TDF can carry on business as usual. Best case scenario (depending on what
you view as good or bad :-) ) IBM and others put in engineering effort and
the OOo code base improves. TDF take and improve that code and release it
with a copyleft license. TDF engineers cooperate with OOo engineers to
ensure that as far as possible both sets of code remain manageable. Ok,
there is a threat that developers from the TDF camp migrate to the OOo camp.
But really there is not much choice than to take that risk. It will depend
on how many really want only to work on copyleft code.

The not possible scenario which we might have liked better is Oracle donate
everything to TDF - but they didn't and they won't so it's a case of "if my
aunt had balls she would be my uncle". She hasn't so she isn't.  :-)

One thing that is very clear is that if TDF had not been formed Oracle would
not transferred things to Apache, at least not this soon. So brilliant you
guys, you took a risk and it has at least mostly worked if not perfectly.
  Better now to look for the opportunities rather than the threats when
really there is not much that can be done about them.

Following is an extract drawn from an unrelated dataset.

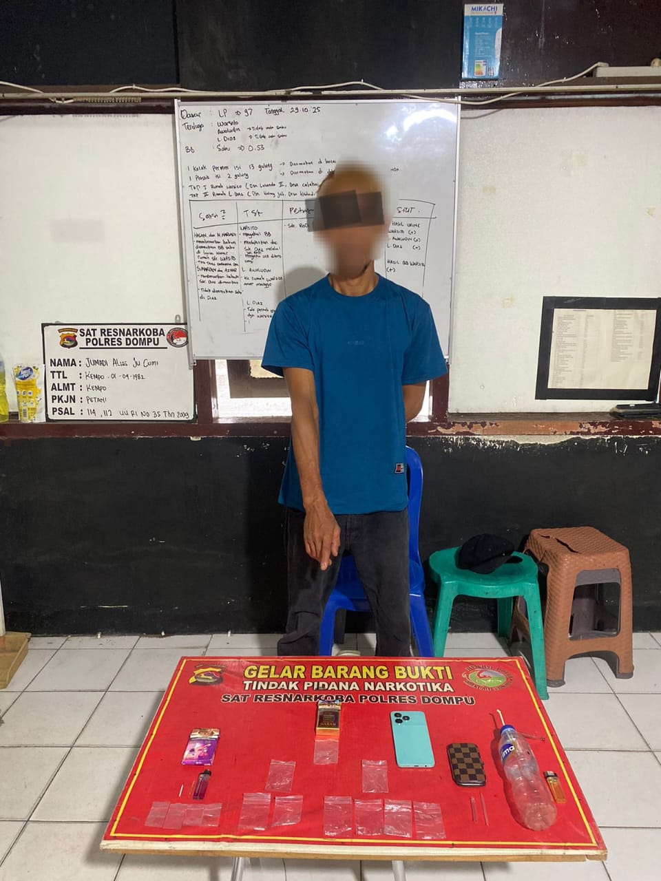 Satuan Reserse Narkoba (Satresnarkoba) Polres Dompu kembali mencatat prestasi dengan menggagalkan peredaran narkotika jenis sabu di wilayah hukumnya. Seorang pria berinisial S (41) warga Kelurahan Montabaru, Kecamatan Woja, Kabupaten Dompu, diringkus petugas di sebuah rumah yang beralamat di Dusun Selaparang, Desa Matua, Kecamatan Woja, pada Minggu (9/11/2025) sekitar pukul 16.00 Wita.

Pack out the
committers list on Apache and make sure you have a say in the governance of
OOo as well as TDF and LO.

It would be my strategy not to put too much energy in it from the start. As pointed out above, there is a massive gap to bridge. And much to do on LibreOffice. So not block it, but be careful with your precious time and energy. And - looking at IBM's past promised contributions to OOo and what came out of it - it is safe and reasonable to first see how they really make OOo-Apache work. If that turns out positive, I think it is OK and fair to put much more energy in it.